▶ **TASK DESCRIPTION**
Restate the data below word for word, omitting pictures.

▶ **GIVEN DATA**
- - - - - - -

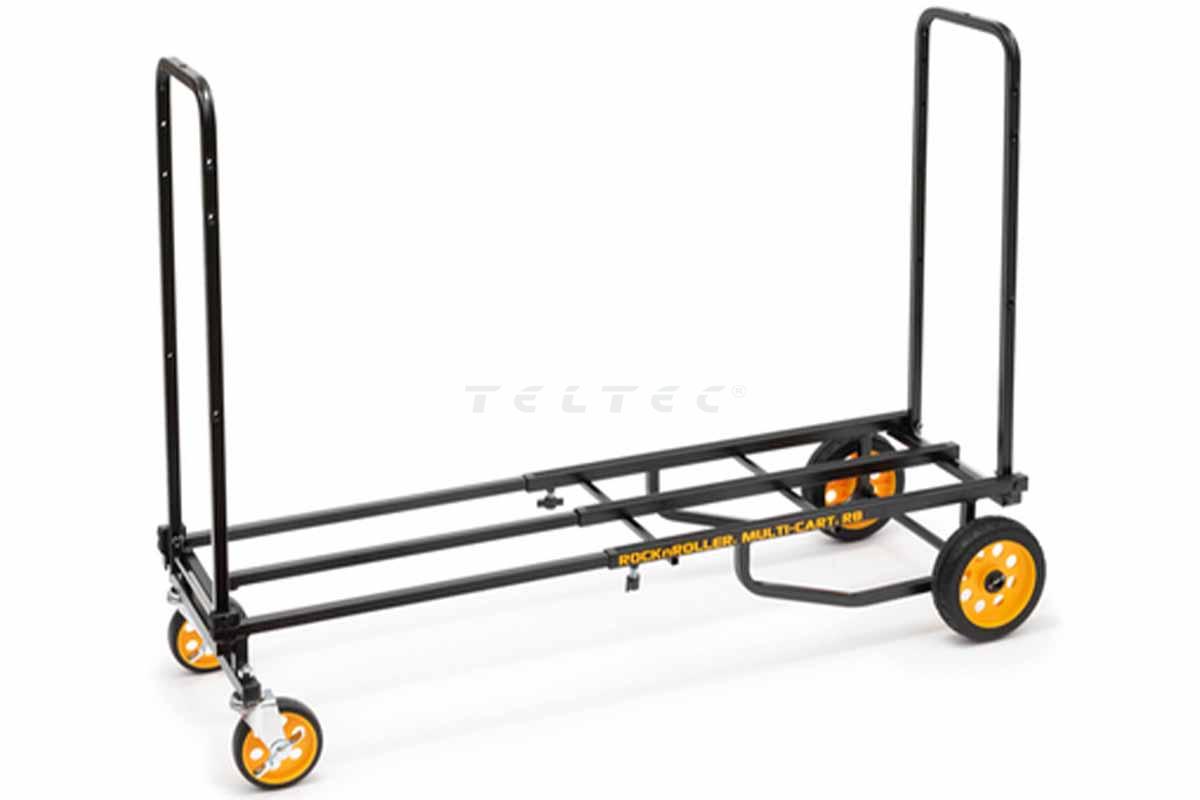 Der RockNRoller R10RT (Max) ist ein 8-in-1 Geräteträger mit schwenkbaren Vorderrädern. Die stabilen 8-Zoll-Hinterräder sind mit Schaumstoff gefüllt, die 5-Zoll-Vorderräder sind schwenkbar und mit Bremsen versehen. Sie bieten eine hervorragende Traktion, die mit der von pneumatischen Reifen vergleichbar ist, nur dass hier das ständige Aufpumpen wegfällt. Der Wagen lässt sich ganz einfach an verschiedene Ladegrößen anpassen, um möglichst effizient mit ihm arbeiten zu können. Von der Länge her reicht er von ca. 86,5 bis zu 132 cm und kann dabei bis zu 226 kg Last tragen. Damit der Wagen bei Nichtgebrauch nicht im Weg steht oder einfacher transportiert werden kann, lässt er sich auch zusammenfalten. Der Stahlrahmen des R10RT ist pulverbeschichtet, um einerseits langlebiger zu sein, aber auch um ein Verrutschen der Transportware zu minimieren.
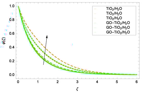 Figure 12 reveals that the addition in Schmidt number Sc increases the concentration. Through high values of Sc, viscosity is enhanced. Since the viscosity is the characteristic on account of cohesive forces within different layers of TiO/HO and GO-TiO/HO which have relative movement, the nanoparticles concentration is enhanced. By dispersing the nanoparticles into the water, the viscosity enhances, resulting in an increase in the cohesive forces. Figure 13 displays the suction/injection parameter f, which has a dominant role in diminishing the nanoparticles concentration . Due to suction (f > 0), the nanoparticles close to the wall remained in lower numbers, so the nanoparticles concentration is dilute. Therefore, the nanoparticles concentration decreases with increasing the suction parameter f.
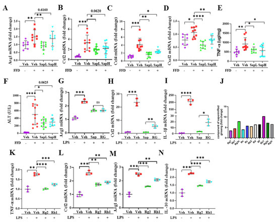 To clarify whether saponin extract exerted anti-inflammatory effects, we measured the expression levels of various inflammatory genes in the liver. As shown in Figure 4A–D, saponin extract significantly reduced FFD-induced hepatic arginase 1 (ARG1), C-C motif ligand 2 (CCL2), CCL4, and C-X-C motif ligand 2 (CXCL2) expression and the tissue tumor necrosis factor (TNF)-α level (Figure 4E), indicating that saponin extract exerted anti-inflammatory effects on FFD-induced steatohepatitis. Additionally, saponin extract treatment provided protection against FFD-induced liver injury by reducing the serum ALT level (Figure 4F). To examine the anti-inflammatory activity of saponin extract in vitro, we utilized the LPS-induced inflammation model using ImKCs. Additionally, we compared the anti-inflammatory activity of saponin extract and red ginseng. As shown in Figure 4G–I, the LPS treatment significantly altered ARG1, CCL2, and IL-1β mRNA expression, but both saponin extract and red ginseng treatments, compared with the LPS treatment, significantly decreased the inflammatory response. Moreover, saponin extract exerted greater anti-inflammatory effects than conventional red ginseng. This result prompted us to investigate whether saponin extract contained more functional compounds than red ginseng. As shown in Table 3 and Figure 4J, the saponin extract contained significantly increased amounts of several ginsenosides. Many of the upregulated ginsenosides, such as Rg1, Rg3, Rb1 [32,36], Rb2 [33], and Rd [35], were identified to be associated with NAFLD/NASH. In contrast, the role of Rh1 and Rg2 in hepatic pathophysiology remains unknown. Previous reports have hinted at a possible role of Rh1 and Rg2 in the inflammation of other organs, such as the kidneys and colon [37,38]. Thus, we then examined the anti-inflammatory effects of ginsenosides Rh1 and Rg2 and found that both ginsenosides significantly alleviated the LPS-induced expression of inflammatory genes, including TNF-α (Figure 4K), CCL2 (Figure 4L), ARG1 (Figure 4M), and IL-10 (Figure 4N), in ImKCs.
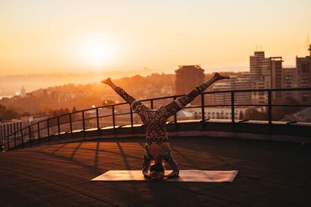 Woman doing yoga on the roof of a skyscraper in big city. Sunset

- - - - - - -

▶ **ANSWER AREA**
 Der RockNRoller R10RT (Max) ist ein 8-in-1 Geräteträger mit schwenkbaren Vorderrädern. Die stabilen 8-Zoll-Hinterräder sind mit Schaumstoff gefüllt, die 5-Zoll-Vorderräder sind schwenkbar und mit Bremsen versehen. Sie bieten eine hervorragende Traktion, die mit der von pneumatischen Reifen vergleichbar ist, nur dass hier das ständige Aufpumpen wegfällt. Der Wagen lässt sich ganz einfach an verschiedene Ladegrößen anpassen, um möglichst effizient mit ihm arbeiten zu können. Von der Länge her reicht er von ca. 86,5 bis zu 132 cm und kann dabei bis zu 226 kg Last tragen. Damit der Wagen bei Nichtgebrauch nicht im Weg steht oder einfacher transportiert werden kann, lässt er sich auch zusammenfalten. Der Stahlrahmen des R10RT ist pulverbeschichtet, um einerseits langlebiger zu sein, aber auch um ein Verrutschen der Transportware zu minimieren.
 Figure 12 reveals that the addition in Schmidt number Sc increases the concentration. Through high values of Sc, viscosity is enhanced. Since the viscosity is the characteristic on account of cohesive forces within different layers of TiO/HO and GO-TiO/HO which have relative movement, the nanoparticles concentration is enhanced. By dispersing the nanoparticles into the water, the viscosity enhances, resulting in an increase in the cohesive forces. Figure 13 displays the suction/injection parameter f, which has a dominant role in diminishing the nanoparticles concentration . Due to suction (f > 0), the nanoparticles close to the wall remained in lower numbers, so the nanoparticles concentration is dilute. Therefore, the nanoparticles concentration decreases with increasing the suction parameter f.
 To clarify whether saponin extract exerted anti-inflammatory effects, we measured the expression levels of various inflammatory genes in the liver. As shown in Figure 4A–D, saponin extract significantly reduced FFD-induced hepatic arginase 1 (ARG1), C-C motif ligand 2 (CCL2), CCL4, and C-X-C motif ligand 2 (CXCL2) expression and the tissue tumor necrosis factor (TNF)-α level (Figure 4E), indicating that saponin extract exerted anti-inflammatory effects on FFD-induced steatohepatitis. Additionally, saponin extract treatment provided protection against FFD-induced liver injury by reducing the serum ALT level (Figure 4F). To examine the anti-inflammatory activity of saponin extract in vitro, we utilized the LPS-induced inflammation model using ImKCs. Additionally, we compared the anti-inflammatory activity of saponin extract and red ginseng. As shown in Figure 4G–I, the LPS treatment significantly altered ARG1, CCL2, and IL-1β mRNA expression, but both saponin extract and red ginseng treatments, compared with the LPS treatment, significantly decreased the inflammatory response. Moreover, saponin extract exerted greater anti-inflammatory effects than conventional red ginseng. This result prompted us to investigate whether saponin extract contained more functional compounds than red ginseng. As shown in Table 3 and Figure 4J, the saponin extract contained significantly increased amounts of several ginsenosides. Many of the upregulated ginsenosides, such as Rg1, Rg3, Rb1 [32,36], Rb2 [33], and Rd [35], were identified to be associated with NAFLD/NASH. In contrast, the role of Rh1 and Rg2 in hepatic pathophysiology remains unknown. Previous reports have hinted at a possible role of Rh1 and Rg2 in the inflammation of other organs, such as the kidneys and colon [37,38]. Thus, we then examined the anti-inflammatory effects of ginsenosides Rh1 and Rg2 and found that both ginsenosides significantly alleviated the LPS-induced expression of inflammatory genes, including TNF-α (Figure 4K), CCL2 (Figure 4L), ARG1 (Figure 4M), and IL-10 (Figure 4N), in ImKCs.
 Woman doing yoga on the roof of a skyscraper in big city. Sunset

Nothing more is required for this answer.